Item 16: Know how to pass vector and string data to legacy ...

[Pages:6]The following is an excerpt from Scott Meyers' new book, Effective STL: 50 Specific Ways to Improve Your Use of the Standard Template Library.

Item 16: Know how to pass vector and string data to legacy APIs.

Since C++ was standardized in 1998, the C++ elite haven't been terribly subtle in their attempt to nudge programmers away from arrays and towards vectors. They've been similarly overt in trying to get developers to shift from char* pointers to string objects. There are good reasons for making these changes, including the elimination of common programming errors (see Item 13) and the ability to take full advantage of the power of the STL algorithms (see, e.g., Item 31).

Still, obstacles remain, and one of the most common is the existence of legacy C APIs that traffic in arrays and char* pointers instead of vector and string objects. Such APIs will exist for a long time, so we must make peace with them if we are to use the STL effectively.

Fortunately, it's easy. If you have a vector v and you need to get a pointer to the data in v that can be viewed as an array, just use &v[0]. For a string s, the corresponding incantation is simply s.c_str(). But read on. As the fine print in advertising often points out, certain restrictions apply.

Given

vector v; the expression v[0] yields a reference to the first element in the vector, so &v[0] is a pointer to that first element. The elements in a vector are constrained by the C++ Standard to be stored in contiguous memory, just like an array, so if we wish to pass v to a C API that looks something like this,

void doSomething(const int* pInts, size_t numInts);

we can do it like this:

doSomething(&v[0], v.size()); Maybe. Probably. The only sticking point is if v is empty. If it is, v.size() is zero, and &v[0] attempts to produce a pointer to something that does not exist. Not good. Undefined results. A safer way to code the call is this:

if (!v.empty()) { doSomething(&v[0], v.size());

}

If you travel in the wrong circles, you may run across shady characters who will tell you that you can use v.begin() in place of &v[0], because (these loathsome creatures will tell you) begin returns an iterator into the vector, and for vectors, iterators are really pointers. That's often true, but as Item 50 reveals, it's not always true, and you should never rely on it. The return type of begin is an iterator, not a pointer, and you should never use begin when you need to get a pointer to the data in a vector. If you're determined to type v.begin() for some reason, type &*v.begin(), because that will yield the same pointer as &v[0], though it's more work for you as a typist and more obscure for people trying to make sense of your code.
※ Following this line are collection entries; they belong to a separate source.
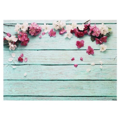 Фотофон винил Белые и розовые цветы на голубых досках 80х125 см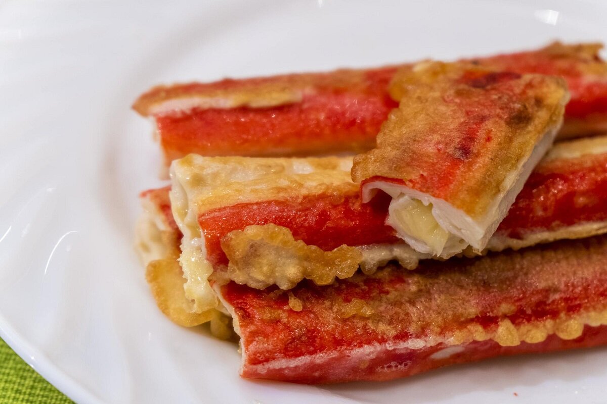 • оливковое масло Рецепт крабовых палочек с чесноком готовим следующим образом: В сковороде разогреть оливковое масло, добавить нарезанный острый перец и обжарить. Через 1 минуту добавить очищенный и тонко нарезанный чеснок, еще через минуту добавить нарезанные крабовые палочки и жарить 5 минут, периодически помешивая. Приправить солью и подавать. Приятного Вам аппетита!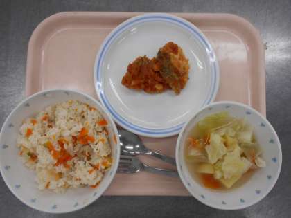 魚のサルサソース、やさいスープ、牛乳
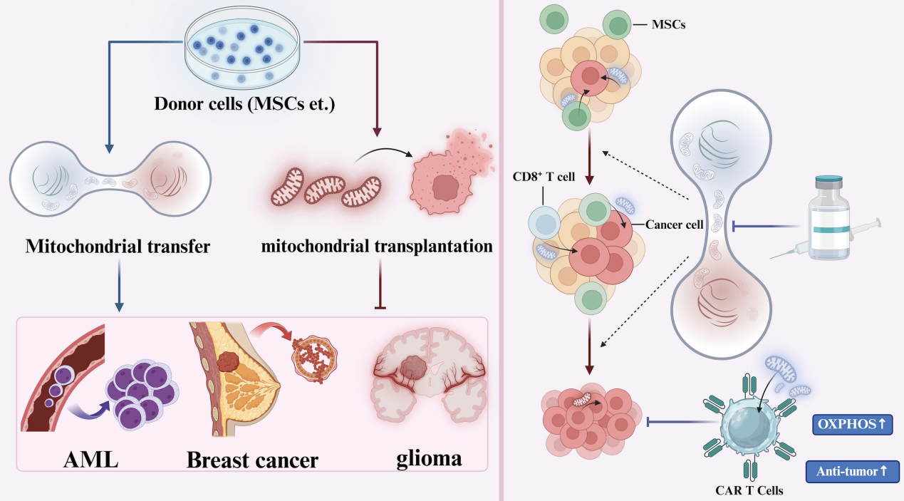 這種線粒體的“掠奪”行為為癌癥治療提供了新的角度:若能夠干擾該過程,就可能剝奪癌細(xì)胞的“能量源”,從而抑制其生長(zhǎng)和擴(kuò)散。此外,這種策略直接削弱了癌細(xì)胞的生理機(jī)能,因而可能增強(qiáng)癌癥治療的效果。

Frankly, if you're hanging out with people who tell you to use v.begin() instead of &v[0], you need to rethink your social circle.

The approach to getting a pointer to container data that works for vectors isn't reliable for strings, because (1) the data for strings are not guaranteed to be stored in contiguous memory, and (2) the internal representation of a string is not guaranteed to end with a null character. This explains the existence of the string member function c_str, which returns a pointer to the value of the string in a form designed for C. We can thus pass a string s to this function,

void doSomething(const char *pString);

like this:

doSomething(s.c_str());

This works even if the string is of length zero. In that case, c_str will return a pointer to a null character. It also works if the string has embedded nulls. If it does, however, doSomething is likely to interpret the first embedded null as the end of the string. string objects don't care if they contain null characters, but char*-based C APIs do.

Look again at the doSomething declarations:

void doSomething(const int* pInts, size_t numInts);

void doSomething(const char *pString);

In both cases, the pointers being passed are pointers to const. The vector or string data are being passed to an API that will read it, not modify it. This is by far the safest thing to do. For strings, it's the only thing to do, because there is no guarantee that c_str yields a pointer to the internal representation of the string data; it could return a pointer to an unmodifiable copy of the string's data, one that's correctly format-

ted for a C API. (If this makes the efficiency hairs on the back of your neck rise up in alarm, rest assured that the alarm is probably false. I don't know of any contemporary library implementation that takes advantage of this latitude.)

For a vector, you have a little more flexibility. If you pass v to a C API that modifies v's elements, that's typically okay, but the called routine must not attempt to change the number of elements in the vector. For example, it must not try to "create" new elements in a vector's unused capacity. If it does, v will become internally inconsistent, because it won't know its correct size any longer. v.size() will yield incorrect results. And if the called routine attempts to add data to a vector whose size and capacity (see Item 14) are the same, truly horrible things could happen. I don't even want to contemplate them. They're just too awful.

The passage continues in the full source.